Resumen de El virus del manchado foliar de los cítricos: caracterización del promotor del RNA subgenómico del gen de la proteína de la cápsida y del supresor del silenciamiento de RNA
Agueda Renovell Ferrer
El trabajo incluido en esta tesis está encuadrado en un proyecto cuyo objetivo general es el desarrollo de un vector viral eficiente de expresión o silenciamiento de genes, basado en el virus del manchado foliar de los cítricos (Citrus leaf blotch virus, CLBV). Para desarrollar un vector viral a partir del genoma de CLBV era necesario disponer de un clon infeccioso del virus y de métodos eficientes de inoculación del mismo en plantas de cítricos.
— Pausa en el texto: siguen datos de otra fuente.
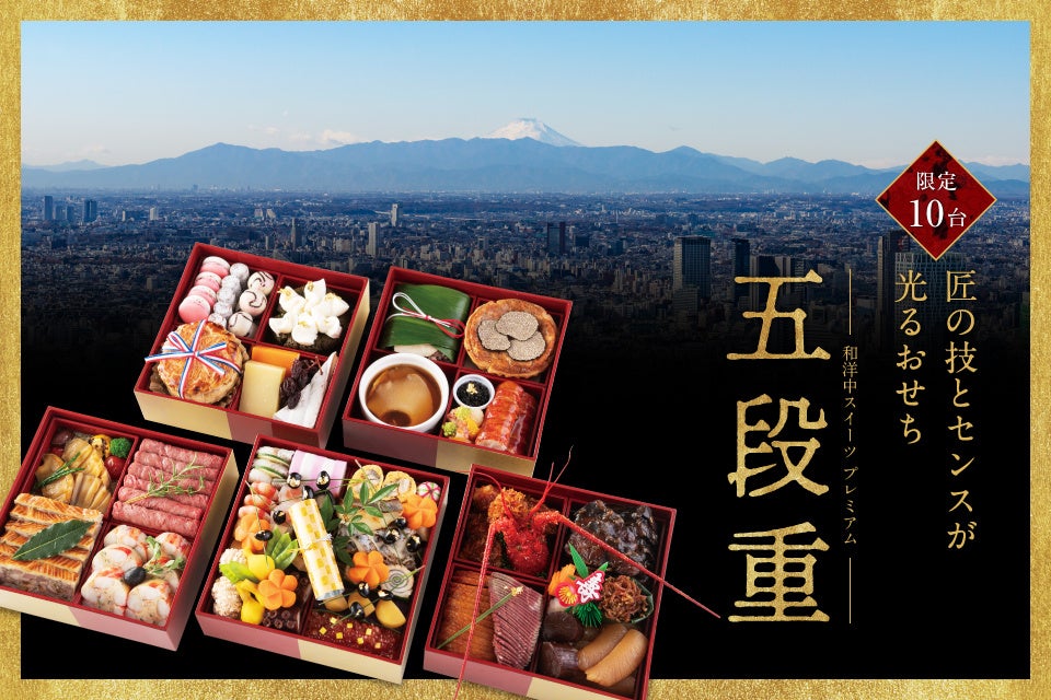 匠の技とセンスが光るおせち「和洋中スイーツ プレミアム五段重」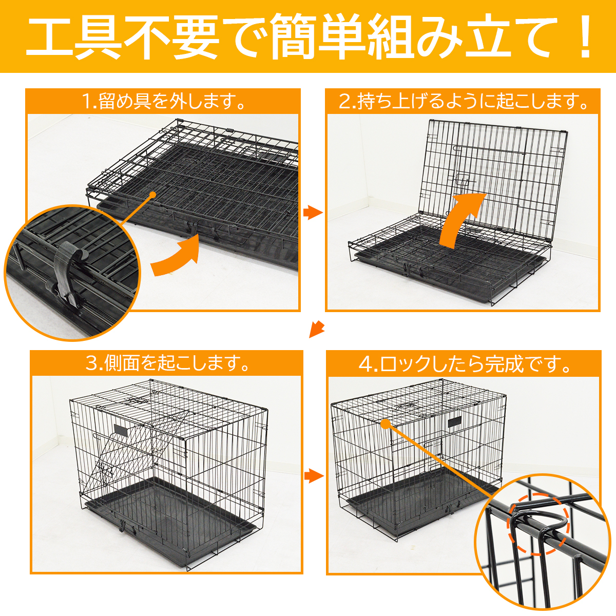 横76cm 奥48cm 小型犬 /中型犬 ペットケージ 折りたたみ トレー付き チワワ 柴犬 ペット ハウス サークル ゲージ 犬 猫 小屋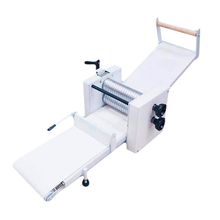 Máquina de cortadora a granel. Posee moldes intercambiables para poder elaborar: Panchos, grisines, coquitos, talitas, etc. Construida en acero inoxidable. Cabezal de aluminio fundido. Rodillos macizos de aluminio montados sobre rulemanes.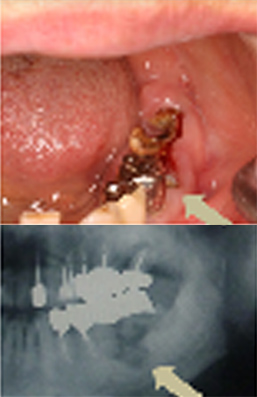 骨粗鬆症の治療や固形癌の骨転移や多発性骨髄腫など、さまざまな疾患への臨床応用が広がっている薬剤の使用によって顎骨壊死が生じた状態。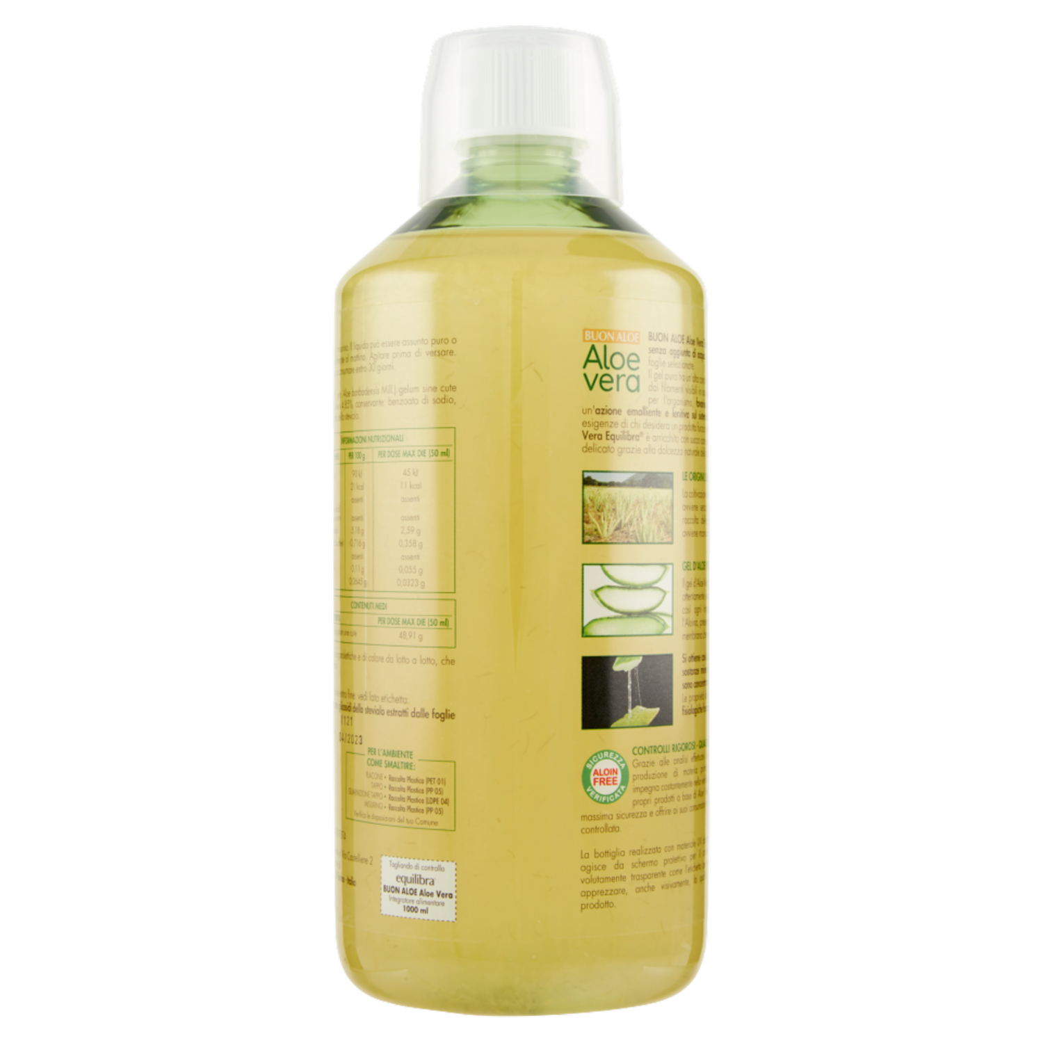 Buon Aloe Aloe Vera Equilibra contiene pura polpa al 100% senza aggiunta di acqua (gelum sine cute), ottenuta fresca da foglie selezionate. Il gel puro ha un'alta concentrazione di polisaccaridi rappresentati dai filamenti visibili in sospensione. Ricca di proprietà benefiche per l'organismo, favorisce le funzioni depurative e possiede un'azione emolliente e lenitiva sul sistema digerente. Per venire incontro alle esigenze di chi desidera un prodotto funzionale dall'ottimo gusto, Buon Aloe Aloe Vera Equilibra è arricchito con succo concentrato di Pesca per un sapore fresco e delicato grazie alla dolcezza naturale della frutta. Le origini dell'Aloe Vera Equilibra La coltivazione dell'Aloe Vera utilizzata da Equilibra avviene senza utilizzo di sostanze chimiche e la raccolta delle foglie, così come la lavorazione, avviene manualmente. Gel d'Aloe puro Il gel d'Aloe Vera presente nel cuore di ogni foglia viene attentamente separato dalla parte esterna eliminando così ogni impurezza, come gli Idrossiantraceni e l'Aloina, presenti nella parte verde della foglia e nella membrana che separa il gel dalla parte verde cerosa. Si ottiene così un gel puro, contenente polisaccaridi e sostanze minerali, con una polpa consistente, in cui sono concentrate le sostanze benefiche dell'Aloe Vera. Le proprietà del gel d'Aloe sono note per favorire le fisiologiche funzioni depurative dell'organismo. Aloin free - Sicurezza verificata Controlli rigorosi - Qualità verificata Grazie alle analisi effettuate su ogni lotto di produzione di materia prima, Equilibra si impegna costantemente nella verifica e controllo dei propri prodotti a base di Aloe Vera per garantire massima sicurezza e offrire ai suoi consumatori la miglior qualità controllata. La bottiglia realizzata con materiale UV absorber, agisce da schermo protettivo per il contenuto volutamente trasparente come l'etichetta per poter apprezzare, anche visivamente, la qualità del prodotto.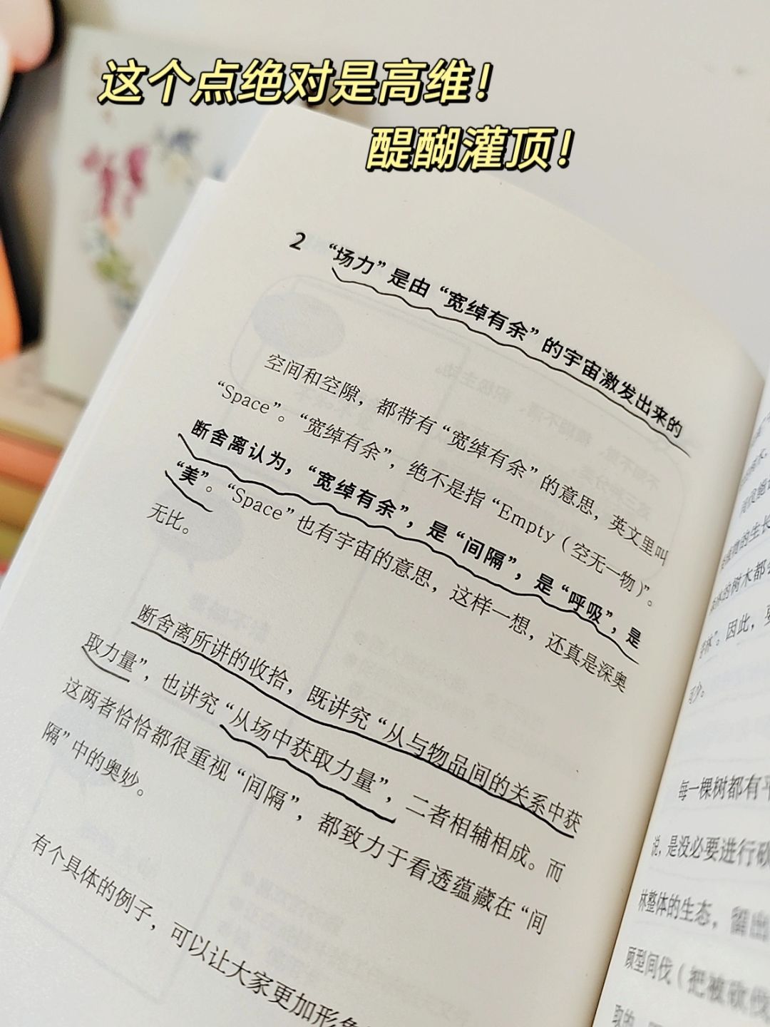 ✔️书中先让我们从高维角度、高维视角认识我们与物品的关系。通过断舍离,帮我们重新唤醒自己的“分析、思考、感觉”系统。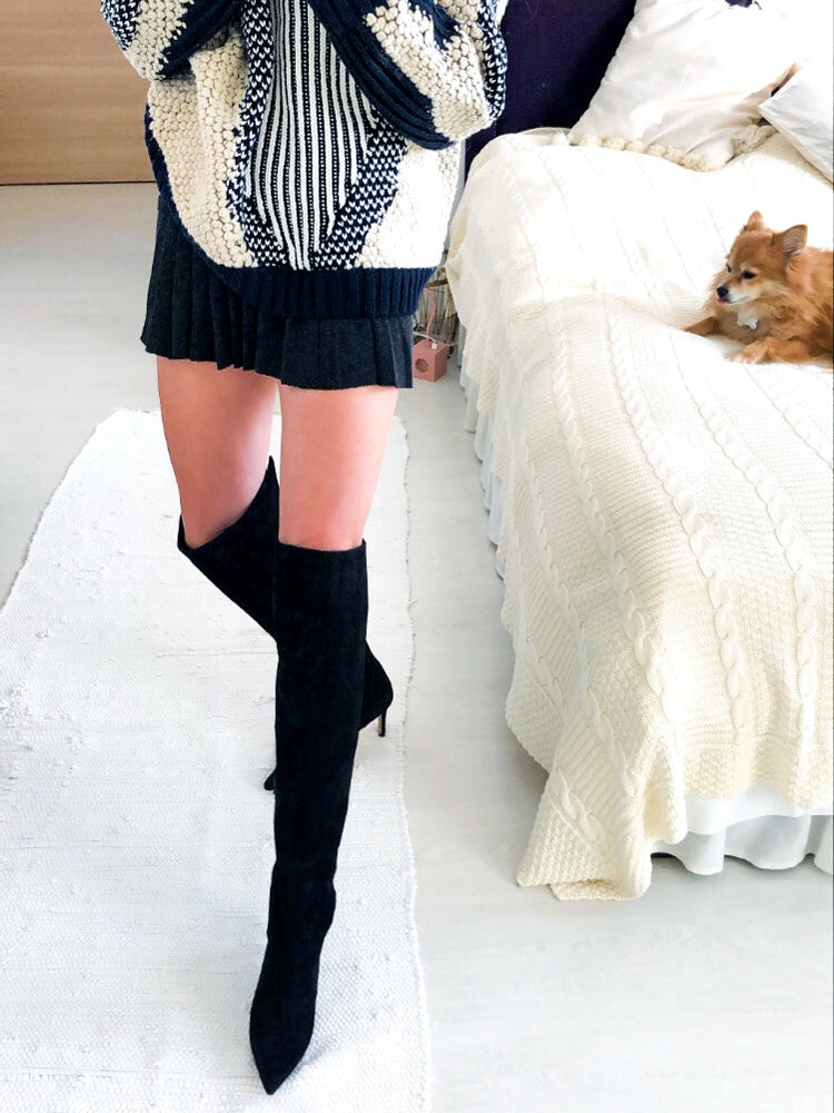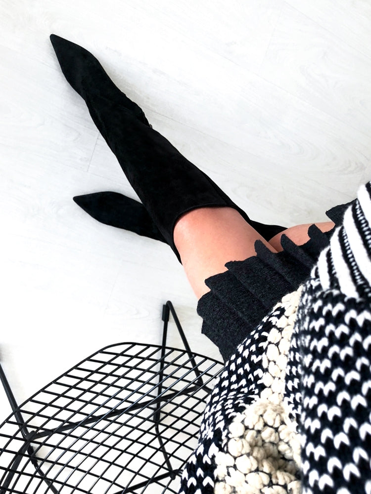 LIVIA CD60 Cizme largi sub genunchi, piele intoarsa, toc cui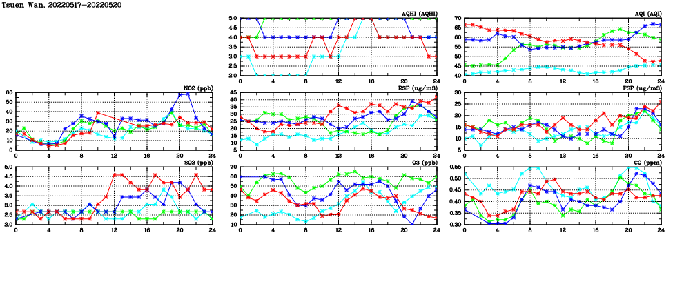 | Air Quality Data Time Series in Tsuen Wan (2022/05/20) | ( Line colors: Day -3 Day -2 Day -1 Current day ) | 2D Map Current AQHI |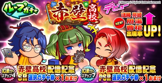 新シナリオの配信を記念して、「曹槍(そうそう)」・ 「諸勝 亮姫(しょかつ りょうき)」 ・「周湯(しゅうゆ)」が新たに出現する「ループガチャ 赤壁高校デビュー」を開催。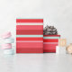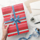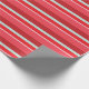 Ce papier d'emballage a des vibes rétro, avec un motif rayé de Noël. Les rayures sont roses, pourpres, bleues et roses.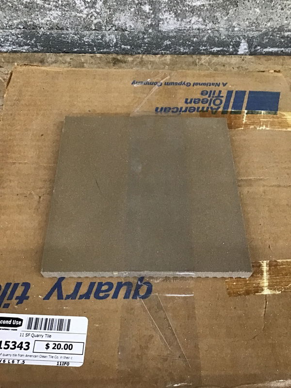 1 box of quarry tile from American Olean Tile Co. in their color "Fawn Gray."
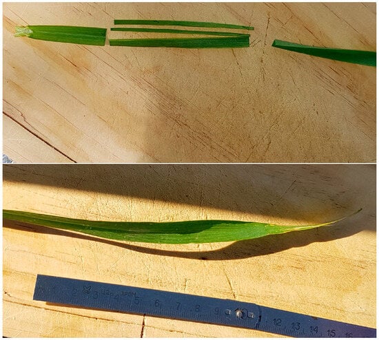 To prepare the sample, we detached a leaf from the winter wheat in the agriculture field and placed it on a wooden plate. Next, we used a blade to cut a rectangular sample from each leaf, as shown in Figure 3. Before cutting the samples, we measured and recorded leaf length, width, and thickness. Each sample is prepared immediately before measuring its electromagnetic parameters. We used the same procedure to prepare the samples from corn and sunflowers. Moreover, for each measurement, soil relative humidity was determined using a Testo 440 dP (Testo Ltd., Alton, UK) and a robust humidity/temperature probe (high-precision temperature/humidity probe 0636 9775, Testo Ltd., UK).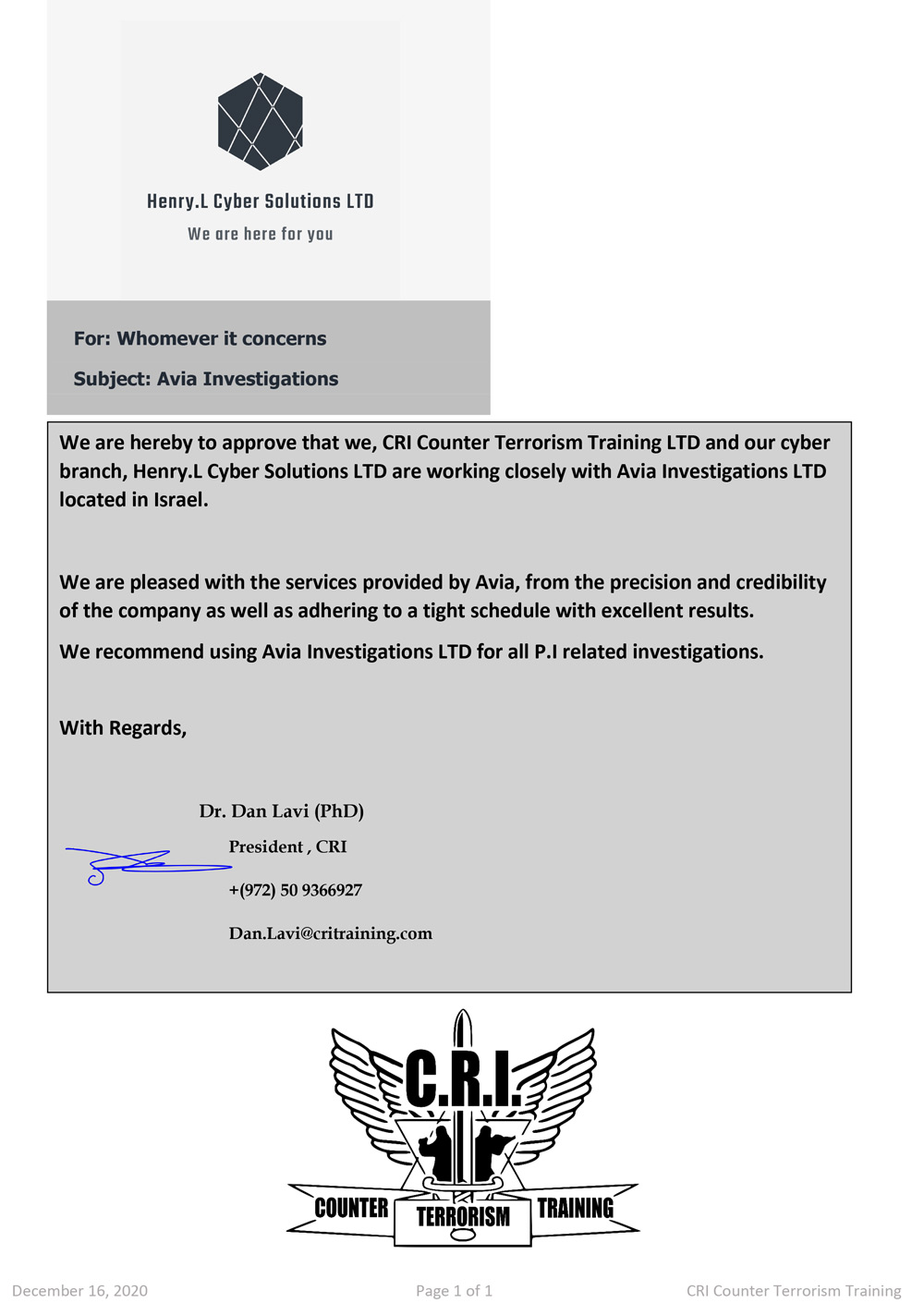 משרד "אביה חקירות וביטחון" פועל ברישיון משרד המשפטי משנת 1996.

Se construyó un clon infeccioso de cDNA del genoma completo de CLBV bajo el promotor T7 del fago lambda y se pusieron a punto protocolos para el aislamiento de protoplastos de N. benthamiana, N. occidentalis y cidro Etrog. CLBV replicó en protoplastos de las tres especies transfectados con viriones purificados, aunque el nivel de replicación fue muy bajo y sólo se detectó a partir de 4-5 días post inoculación (dpi), que es el tiempo máximo de supervivencia de los protoplastos en nuestras condiciones de trabajo. La multiplicación del virus en protoplastos inoculados con transcritos de CLBV fue menor, detectándose sólo en algunos experimentos de transfección de protoplastos de N. benthamiana. Finalmente, la inoculación mecánica directa de plantas de cítricos o de N. benthamiana y N. occidentalis con transcritos de RNA del virus fue infructuosa, a pesar de que estos transcritos eran capaces de infectar protoplastos. Antes de modificar el clon infeccioso de CLBV para convertirlo en un vector viral eficiente, era necesario conocer la estrategia de expresión del genoma viral y caracterizar las secuencias implicadas en el reconocimiento y promoción de la síntesis de los RNAs subgenómicos (sgRNAs) para poder duplicar un promotor y expresar genes o fragmentos de genes mediante la formación de un nuevo sgRNA. Para mapear el promotor del CP-sgRNA de CLBV se construyeron varios mutantes a partir del clon IC-CLBV (clon infeccioso del genoma completo de CLBV bajo el promotor 35S de CaMV) mediante supresión de nucleótidos y mutagénesis dirigida.